## Task description:
Your answer should hold only the lines from the one with "永川手机台是区广播电视台打造" through the end of the records, repeated exactly and minus any pictures.

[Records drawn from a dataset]
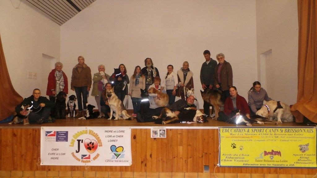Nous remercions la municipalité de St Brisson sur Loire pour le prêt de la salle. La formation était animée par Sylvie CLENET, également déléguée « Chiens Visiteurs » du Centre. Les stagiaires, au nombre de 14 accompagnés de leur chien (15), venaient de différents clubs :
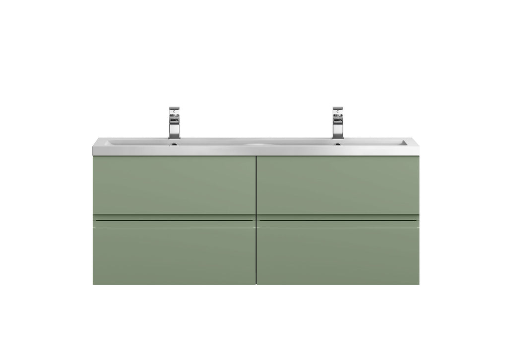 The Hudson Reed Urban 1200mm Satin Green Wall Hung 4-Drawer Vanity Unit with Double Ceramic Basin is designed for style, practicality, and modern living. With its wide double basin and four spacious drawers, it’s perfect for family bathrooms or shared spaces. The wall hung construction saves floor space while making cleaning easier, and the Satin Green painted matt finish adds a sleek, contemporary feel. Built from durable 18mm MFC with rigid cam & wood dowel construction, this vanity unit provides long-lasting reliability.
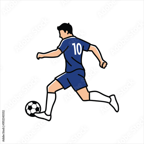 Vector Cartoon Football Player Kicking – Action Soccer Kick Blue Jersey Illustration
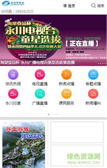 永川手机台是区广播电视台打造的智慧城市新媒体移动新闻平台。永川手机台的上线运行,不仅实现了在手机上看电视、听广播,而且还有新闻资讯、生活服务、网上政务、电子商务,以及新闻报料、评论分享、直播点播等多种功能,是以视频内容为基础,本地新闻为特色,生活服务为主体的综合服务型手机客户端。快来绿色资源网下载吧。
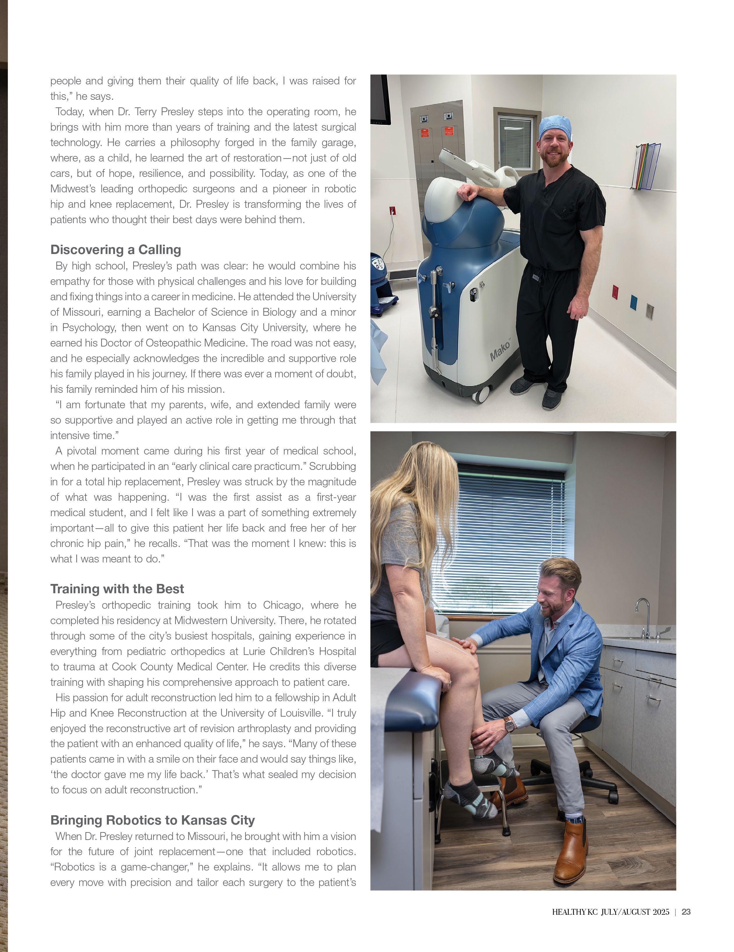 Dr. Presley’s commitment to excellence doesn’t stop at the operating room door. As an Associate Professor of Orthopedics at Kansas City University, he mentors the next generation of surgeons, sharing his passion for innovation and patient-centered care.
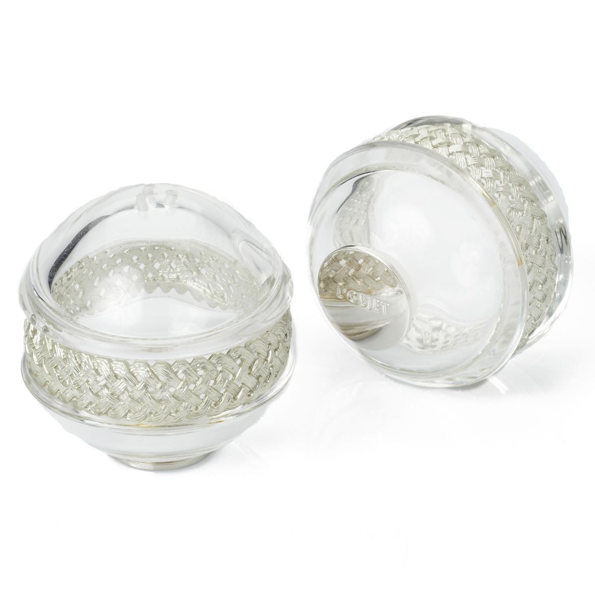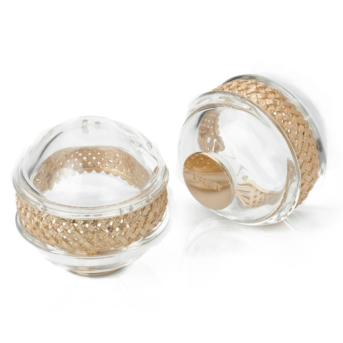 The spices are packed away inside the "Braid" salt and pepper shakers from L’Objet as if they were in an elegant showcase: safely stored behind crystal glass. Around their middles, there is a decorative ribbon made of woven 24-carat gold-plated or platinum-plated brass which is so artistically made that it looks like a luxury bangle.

## Exercise answer:
 永川手机台是区广播电视台打造的智慧城市新媒体移动新闻平台。永川手机台的上线运行,不仅实现了在手机上看电视、听广播,而且还有新闻资讯、生活服务、网上政务、电子商务,以及新闻报料、评论分享、直播点播等多种功能,是以视频内容为基础,本地新闻为特色,生活服务为主体的综合服务型手机客户端。快来绿色资源网下载吧。
 Dr. Presley’s commitment to excellence doesn’t stop at the operating room door. As an Associate Professor of Orthopedics at Kansas City University, he mentors the next generation of surgeons, sharing his passion for innovation and patient-centered care.
 The spices are packed away inside the "Braid" salt and pepper shakers from L’Objet as if they were in an elegant showcase: safely stored behind crystal glass. Around their middles, there is a decorative ribbon made of woven 24-carat gold-plated or platinum-plated brass which is so artistically made that it looks like a luxury bangle.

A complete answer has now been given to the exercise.